Asylum seekers to be granted up to SIXTEEN THOUSAND homes
The Home Office has built up a stock of 16,000 properties for asylum seekers as young people struggle to get on the housing ladder.
An acute shortage of homes for young workers and families has gripped England in recent years, with house prices continuing to spiral.
Contractors from the Home Office have been offering landlords five-year guarenteed full-rent deals to take over the management of properties.
The move is being made in an attempt to cut the £8million a day cost of housing migrants in hotels.
Dozens of hotels holding asylum seekers were due to shut by the end of last month.
Another 50 will close by spring amid growing concern from local residents.
There were around 50,000 asylum seekers in 400 taxpayer-funded hotels at the end of last year.
Properties from the private rental and social housing markets are being used to house more than 58,000 asylum seekers across England, Wales and Scotland.
The number in so-called “dispersed accommodation” has doubled compared to where it was a decade ago.

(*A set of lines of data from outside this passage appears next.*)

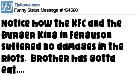 X Notice how the KFC and the Burger King in Ferguson suffered no damages in the riots. Brother has gotta eat....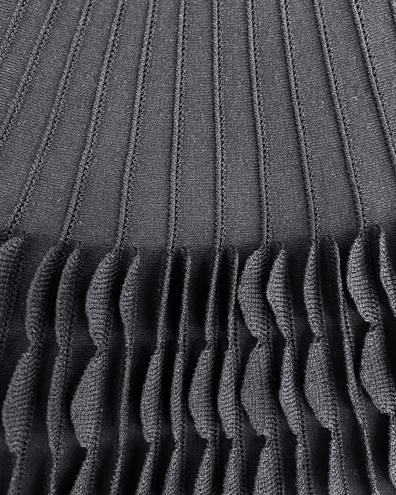 Long sleeve, black ribbed knit dress, with petal like detailing at the skirt and wrists. The dress also has a v-neck and back zipper.
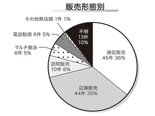 内訳をみると、「通販」が45件と最も多く全体の36%を占めた。内容は、有名百貨店などの「ロゴ」を使った偽通販サイトが目立つ。「閉店セール」と記し、有名ブランドの時計の本物の写真などを掲載して販売する。購入すると偽物が届くというトラブルだ。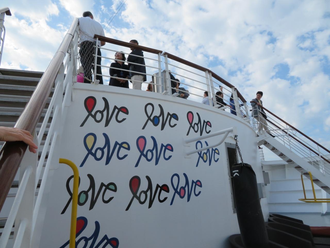 乗組員の休憩スペースには『love』という文字がいっぱい書かれていました。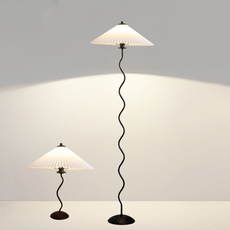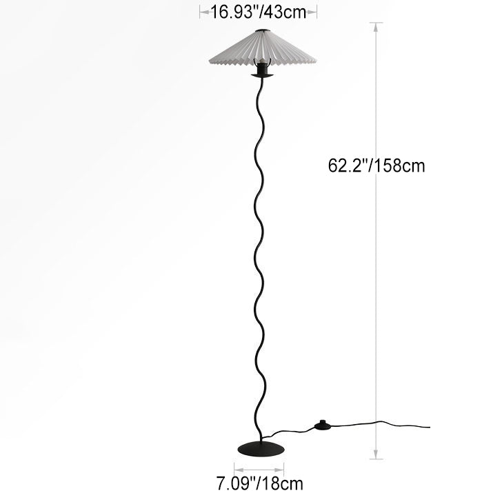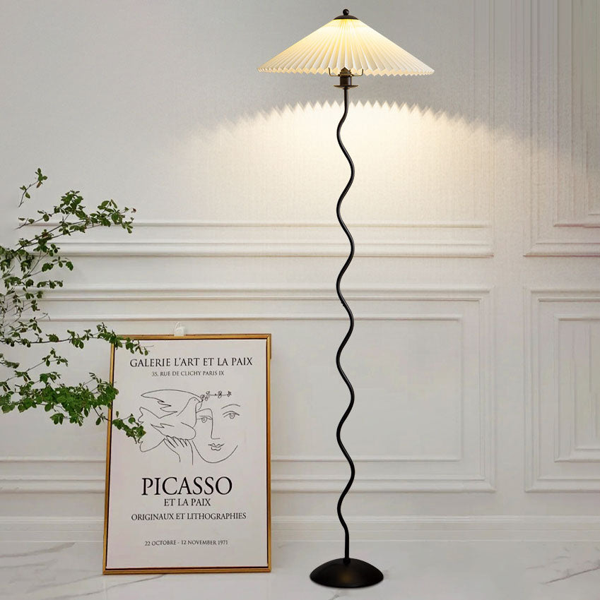 ヴィンテージファブリックプリーツシェード1灯スタンドフロアランプ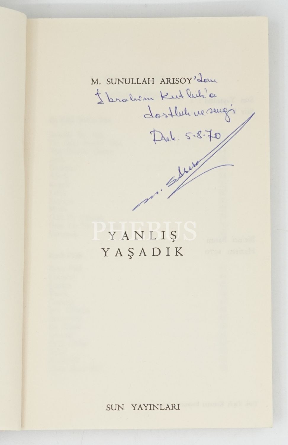 "M. Sunullah Arısoy´dan İ. Kutluk´a dostluk ve sevgi." ithafıyla imzalıdır.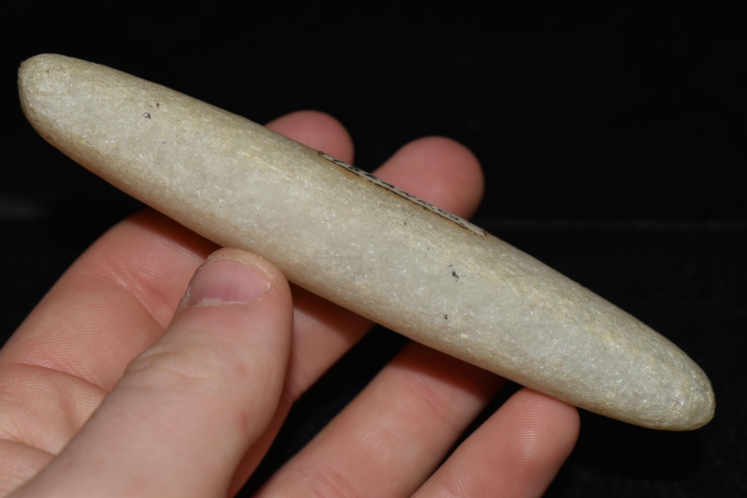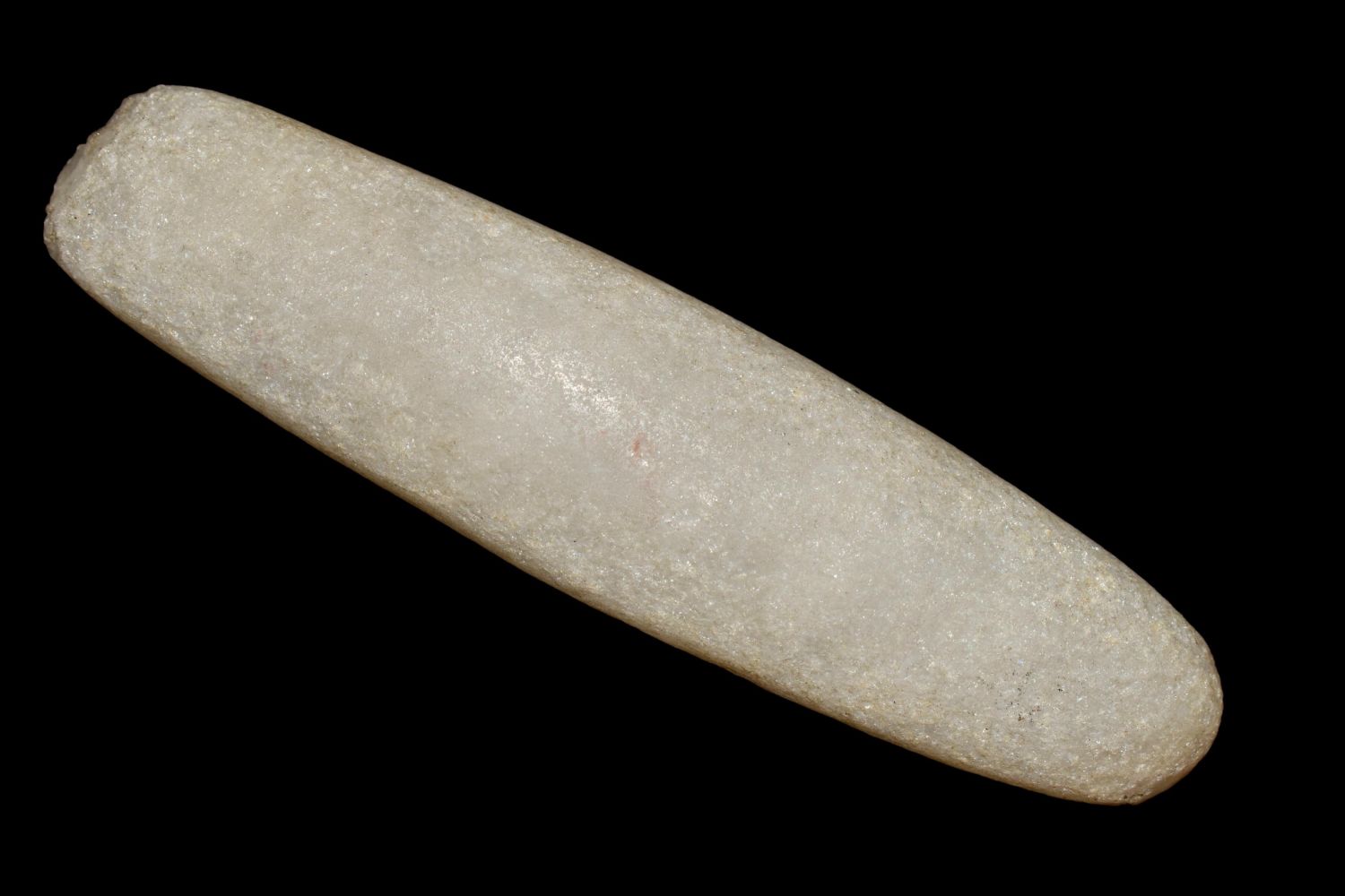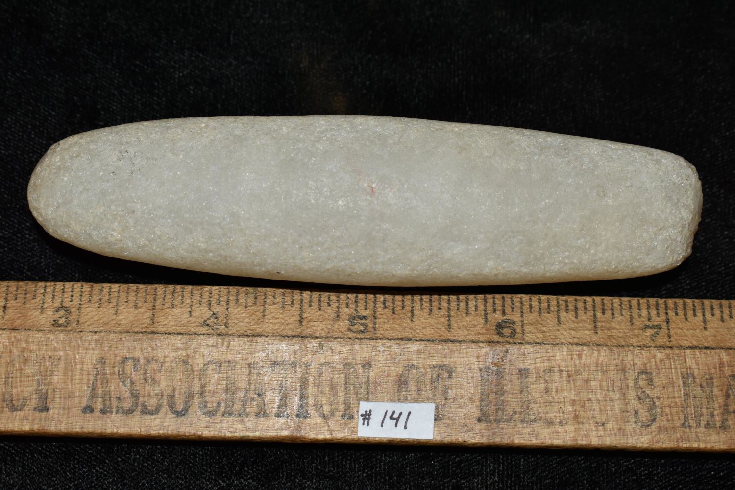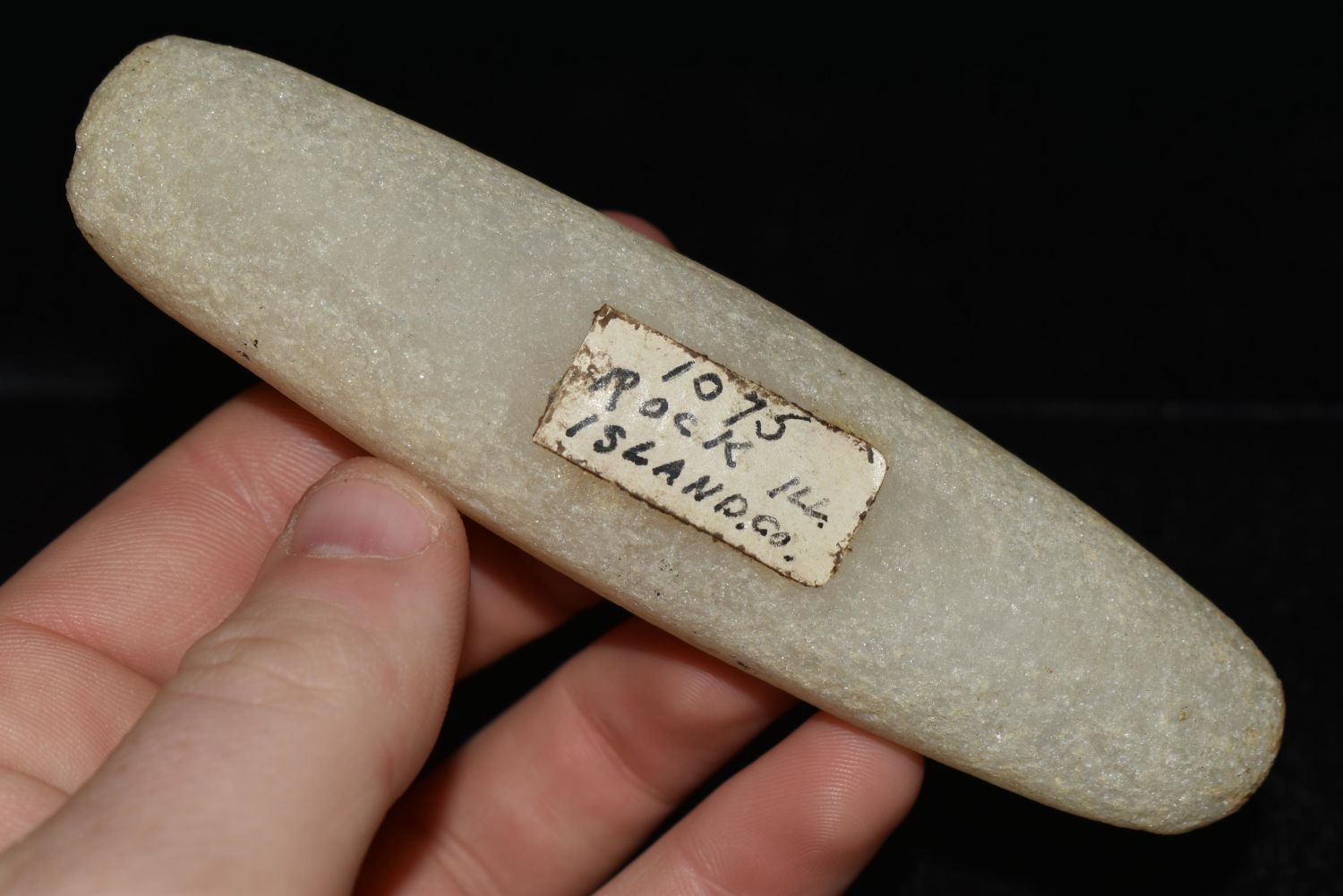 RARE QUARTZ BAR WEIGHT, DICKEY COA, FOUND IN ROCK ISLAND COUNTY ILLINOIS, 4 9/16" LONG, VERY WELL SHAPED AND NICELY POLISHED
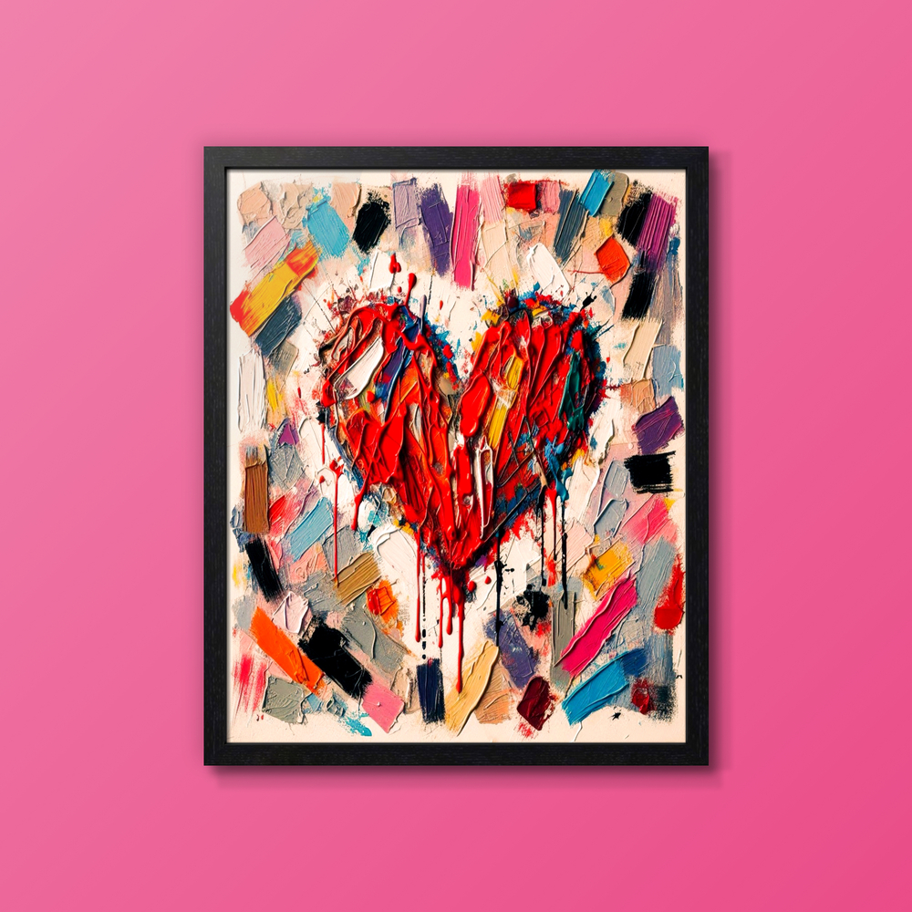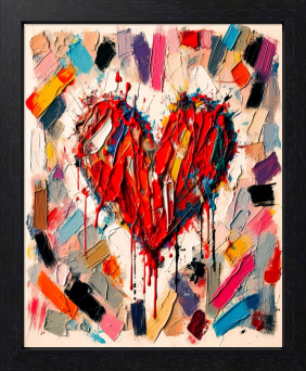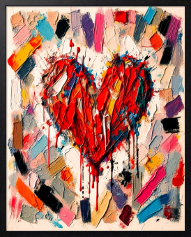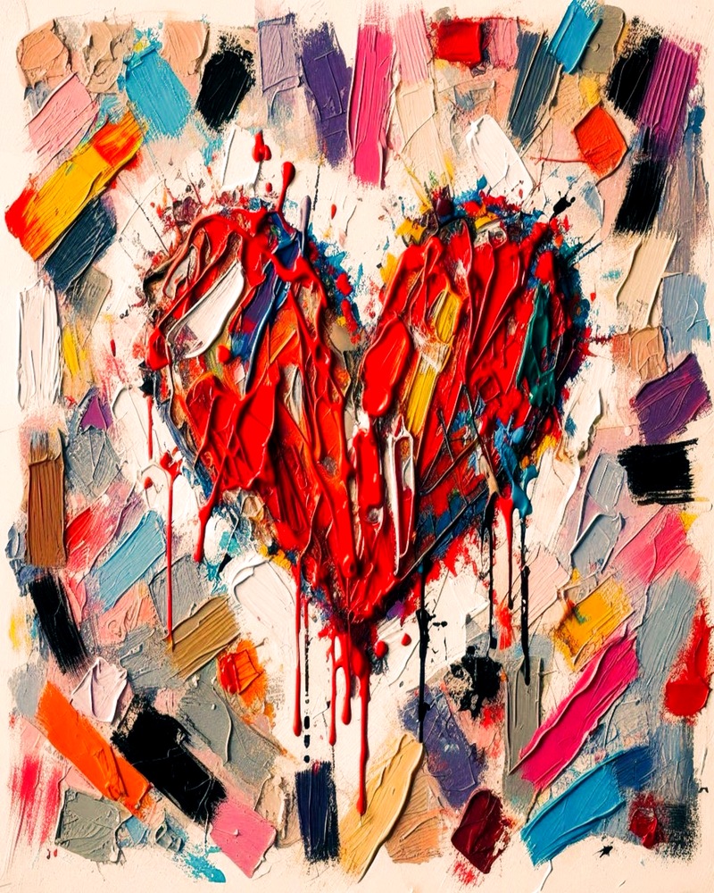 iPadで油絵風に描いたデジタル画です。 タイトルを「 RAW HEART 」と、付けました。 色彩の躍動や感情の流れを力強く表現しています。中央のハートがまるで無数の感情を抱いていて脈打っているよう、生のままの感情をぶつけたような率直さと力強さがある作品になっています。

A Home Office insider told The Daily Telegraph: “The department’s strong preference is for dispersal accommodation because it is so much cheaper and much more discreet than hotels. That’s not to say it’s not unpopular.
“Some of the contractors are taking properties in pretty normal streets. You can buy yourself a £300,000 house and suddenly find your next-door neighbour is a house full of asylum seekers.
“It has also been very heavily clustered in places where property is cheap – Hull, Bradford and Teesside. It is potentially damaging to these places because it creates ghettos which are terrible for integration.”
Three contractors have been paid £4billion over 10 years to provide accommodation to asylum seekers.
As many as 30,000 homes may be needed to end the use of hotels as the Government can substantially reduce the 100,000 backlog in asylum claims, The Telegraph has claimed.
However, the report comes after 1.2 million people were registered on council housing waiting lists at the end of 2021/22.
A Home Office spokesman said: “We continue to work across government and with local authorities to identify a range of accommodation options to reduce the unacceptable use of hotels which cost £8 million a day.
"The government remains committed to engaging with local authorities and key stakeholders as part of this process.”
The spokesman was unable to disclose anymore information on the figures, instead adding: “We are working to procure sufficient dispersal accommodation to meet our statutory obligation.”